Later, she accepted the opportunity to be used in a pilot program for an experimental drug because she had been cancer free for three months. Right when she was to start her trial, she began having pain in her belly. The cancer had come back, this time attacking 90 percent of her liver. She was the worst she had been yet.
During the time of her sickness, she barely missed any games and made it to as many practices as she could. People who knew her while she was sick described her as optimistic, brave and determined. They said she “never missed a beat.”
On November 1, 2006, Averill received a phone call from Whitehead’s partner during the time. She put the phone down and screamed. Whitehead, the contagious spirit who everyone knew and loved, who everyone thought would never lose, had lost her life to cancer.
Immediately, something shook the field hockey world, and specifically, Wake Forest Hockey. Wake Forest was competing in the ACC championship on the Sunday following Whitehead’s death, the same day as the eulogy and celebration for Whitehead. Averill did not come up with a game plan for the game. She did not come up with a pre-championship speech. She couldn’t speak. She couldn’t think.
Her players looked at her and said, “We got it coach. You don’t have to do a thing.” The team went out and played an incredibly hard fought game, beating Maryland and gaining their third ACC championship title. The team came together on this day for their coach, for each other and in honor of the life of one of their own, Whitehead. This was the first of many times that Wake Hockey would play for something more, for someone more.
Whitehead’s story has been told countless times and even current players who never knew her know what it means to “play for number five,” which was her jersey number.
Karlee Spirit, a sophomore on the current Wake Forest field hockey team, said when someone says the name “Maria Whitehead,” she thinks of fight, courage and adversity.
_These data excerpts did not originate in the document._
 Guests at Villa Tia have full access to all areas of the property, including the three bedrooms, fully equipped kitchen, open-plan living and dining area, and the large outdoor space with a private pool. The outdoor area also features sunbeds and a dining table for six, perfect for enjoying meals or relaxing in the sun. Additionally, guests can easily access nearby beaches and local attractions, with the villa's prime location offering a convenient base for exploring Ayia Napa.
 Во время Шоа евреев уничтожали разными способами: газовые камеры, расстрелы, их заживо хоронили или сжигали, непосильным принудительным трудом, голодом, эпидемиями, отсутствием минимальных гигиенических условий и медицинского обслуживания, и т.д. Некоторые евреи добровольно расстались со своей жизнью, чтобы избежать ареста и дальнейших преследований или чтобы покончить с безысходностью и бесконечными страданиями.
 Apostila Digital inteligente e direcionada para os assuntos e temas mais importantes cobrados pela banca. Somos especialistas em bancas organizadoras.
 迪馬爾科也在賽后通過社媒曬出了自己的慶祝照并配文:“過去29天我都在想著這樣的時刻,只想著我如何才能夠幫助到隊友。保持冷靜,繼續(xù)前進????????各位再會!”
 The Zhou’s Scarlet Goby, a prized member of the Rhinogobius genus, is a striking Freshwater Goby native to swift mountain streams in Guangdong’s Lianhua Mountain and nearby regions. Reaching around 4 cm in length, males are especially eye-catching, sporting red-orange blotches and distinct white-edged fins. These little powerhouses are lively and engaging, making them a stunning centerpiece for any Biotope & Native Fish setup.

“She was someone who has not only left an example of passion and love of the game, but has left the biggest and most notable mark and legacy on Wake Forest Hockey and the institution of Wake Forest,” Karlee said. “It was her story and the way in which it shaped and molded Wake Forest hockey and its culture that made me want to be a Demon Deacon. Her story moved me, motivated me and persuaded me to want to spend the next four years of my hockey career working to make her proud and to make her legacy continue.”
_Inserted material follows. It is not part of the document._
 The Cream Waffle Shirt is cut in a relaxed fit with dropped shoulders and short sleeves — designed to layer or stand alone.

At the end of the year, Jen honors one player with the “Maria Whitehead award,” which represents persistent fight and a courage throughout that entire season of play. She brought awareness of melanoma to the Wake Forest community and to the hockey community around the nation.
Each year, Wake Forest Hockey puts on a dodge ball or spike ball tournament to raise money and awareness for melanoma. This event was started by Liza Casella, a former player, in 2010, and has become an annual fundraiser in honor of Whitehead. It will take place this Sunday, April 10.